Dataset section:
┄┄┄┄┄┄
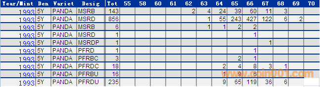 NGC硬幣評級分?jǐn)?shù)分布 ..
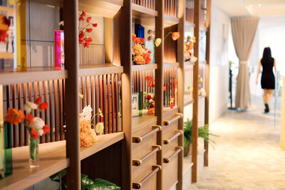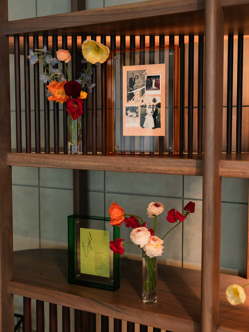 We activated the shelving unit in the venue's foyer to be a seating chart. And while guests are at it, they'd also see photos of the couple going back from where they are now to their childhood, and even some wedding photos from their parents! A visual narrative of their love story so far. The styling ties it all together.
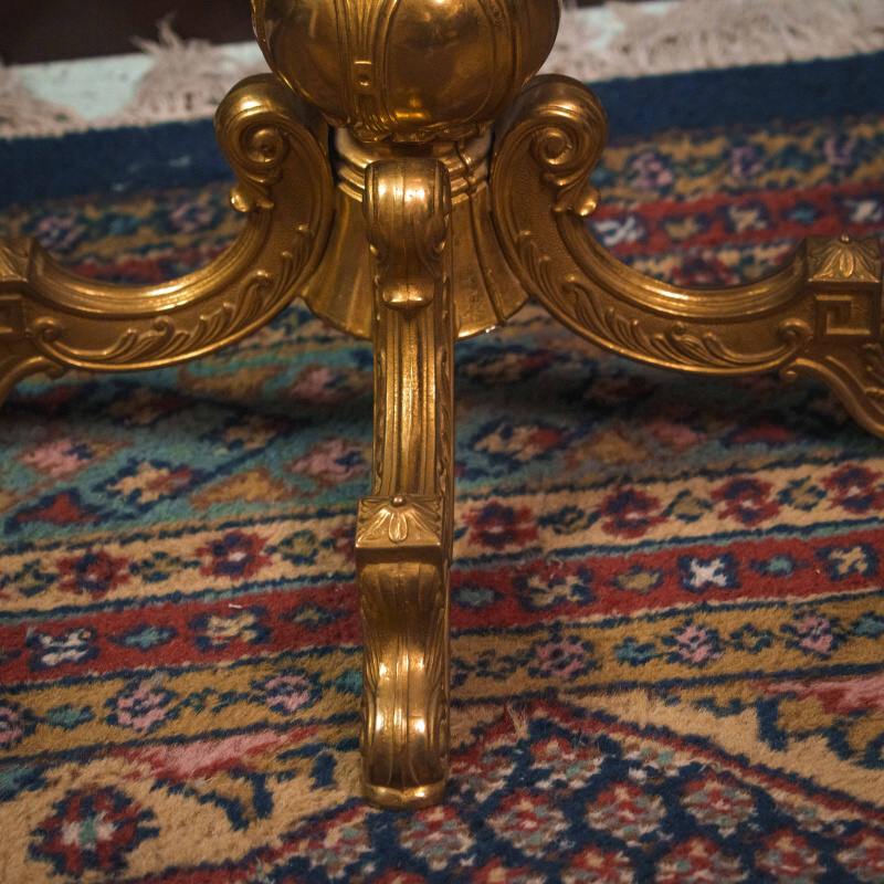 Нижняя часть опирается на массивное бронзовое основание с тремя изящными ножками, украшенными резными элементами в виде стилизованных лап и акантовых мотивов. Основание обеспечивает устойчивость конструкции и подчёркивает её декоративную ценность.
┄┄┄┄┄┄
Directions: The result should be the material above, unchanged and free of pictures; please print it.

Answer area:
 NGC硬幣評級分?jǐn)?shù)分布 ..
 We activated the shelving unit in the venue's foyer to be a seating chart. And while guests are at it, they'd also see photos of the couple going back from where they are now to their childhood, and even some wedding photos from their parents! A visual narrative of their love story so far. The styling ties it all together.
 Нижняя часть опирается на массивное бронзовое основание с тремя изящными ножками, украшенными резными элементами в виде стилизованных лап и акантовых мотивов. Основание обеспечивает устойчивость конструкции и подчёркивает её декоративную ценность.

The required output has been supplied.